Got a lot of organizing in the new closet done, made dinner with the Missy and then prepped lentil soup for the slow cooker for tomorrow’s dinner. Also made Ad’s and my lunches for tomorrow and prepped him on what to eat for breakfast/snacks. I hate having to nag him to change his eating habits, but it’s got to be done. If I just do it for him (prepare meals, watch his portions, tell him to meet me at the gym) maybe he’ll do it.  I don’t know.  But I do know that he won’t be happy with himself on the cruise if he doesn’t feel better about himself physically.

I’m trying to crochet a bikini for the cruise. The first pattern I tried I didn’t understand the instructions, so we’re on to number 2. I’m kind of excited about making it. It calls for a lining, but since it’s a swinger cruise, clothing-optional in the pool area, I’m planning to leave it unlined, so it’ll be a peek-a-boo bikini! It was W’s idea-I hope I can figure out how to make it and that he’ll be there to see it. :-)

Oh and ha–I have been asked twice now, once by coworkers, once by kids, where the cruise is going. And guess what?  A) I can’t remember (we are going on it for the swinger/kinky fun, not the ports), and B) I don’t want either of them looking it up and seeing that it’s a “Lifestyle Takeover” cruise! lol  So I have to look for another cruise of the same length to fib about being on.  And oh no…when I start fibbing…bad stuff happens. I am SUCH a poor liar!

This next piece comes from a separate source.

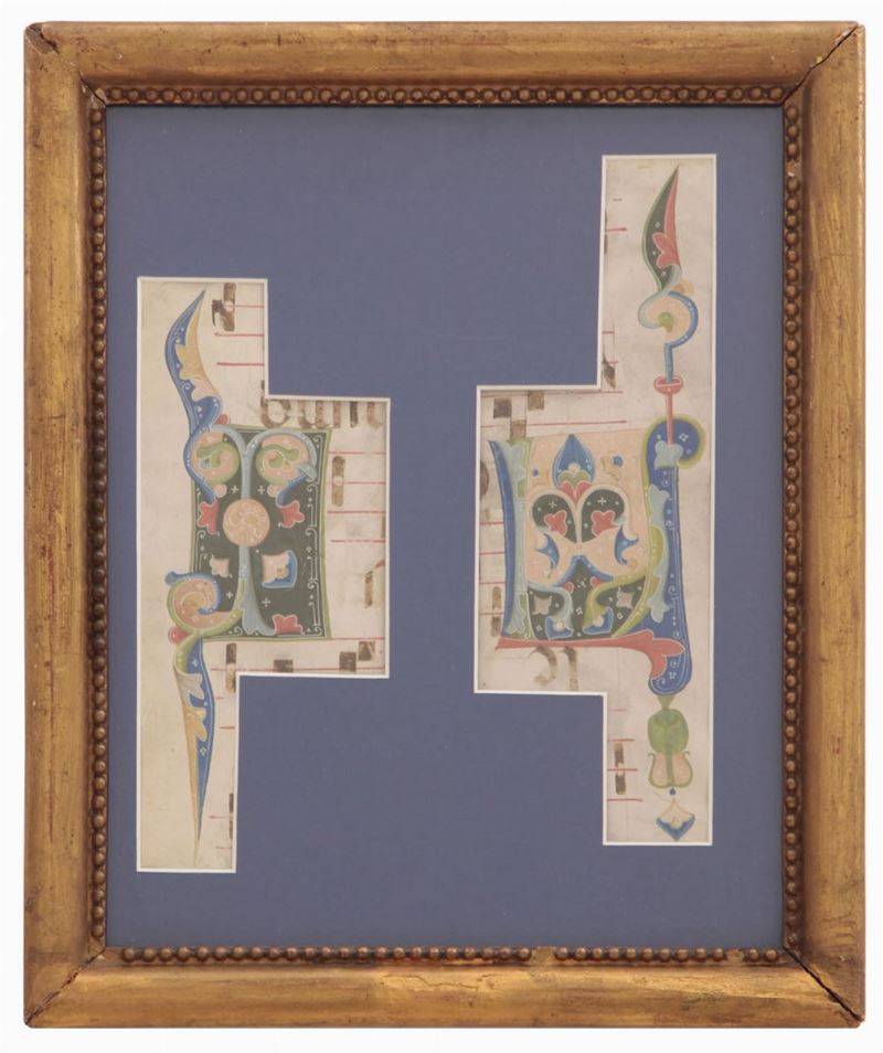 miniature su pergamena, mm 210x85; mm 240x80; mm 125x10,5; mm 85x9

Okay, that’s all I got for now.


Truth: Day 18 – Marriage

January 14, 2011

Ye shall know the truth, and the truth shall make you free. ~ Bible, John 8:32

Day 18 → Your views on gay marriage.

It’s amazing what a difference a good pair of warm, fuzzy boots, rather than athletic shoes, makes.  My feet were warm on the drive in to work this morning for the first time since the weather has turned bitter. To stick with the bible theme above: hallelujah!

Also, I love this blog: The Hot Word Blog. Today it has a post about the meaning of the words for the zodiac signs, by way of the “news” that was all over the internets yesterday that your zodiac sign may have changed.  ABC news and astrologers like Susan Miller (@astrologyzone) are saying this is old news–about 3,000 years old, since it’s been predicted since then–but it’s been an interesting story to follow.

(With the “new dates,” by the way, I am exactly on the cusp of Leo and Virgo (previously I was a Virgo.)  It might be interesting to see what that “change” might mean, but regardless, I’ve always wanted to be able to say I’m “on the cusp”! ;-)  Oh, and W, I think you’re an Aquarius, now!)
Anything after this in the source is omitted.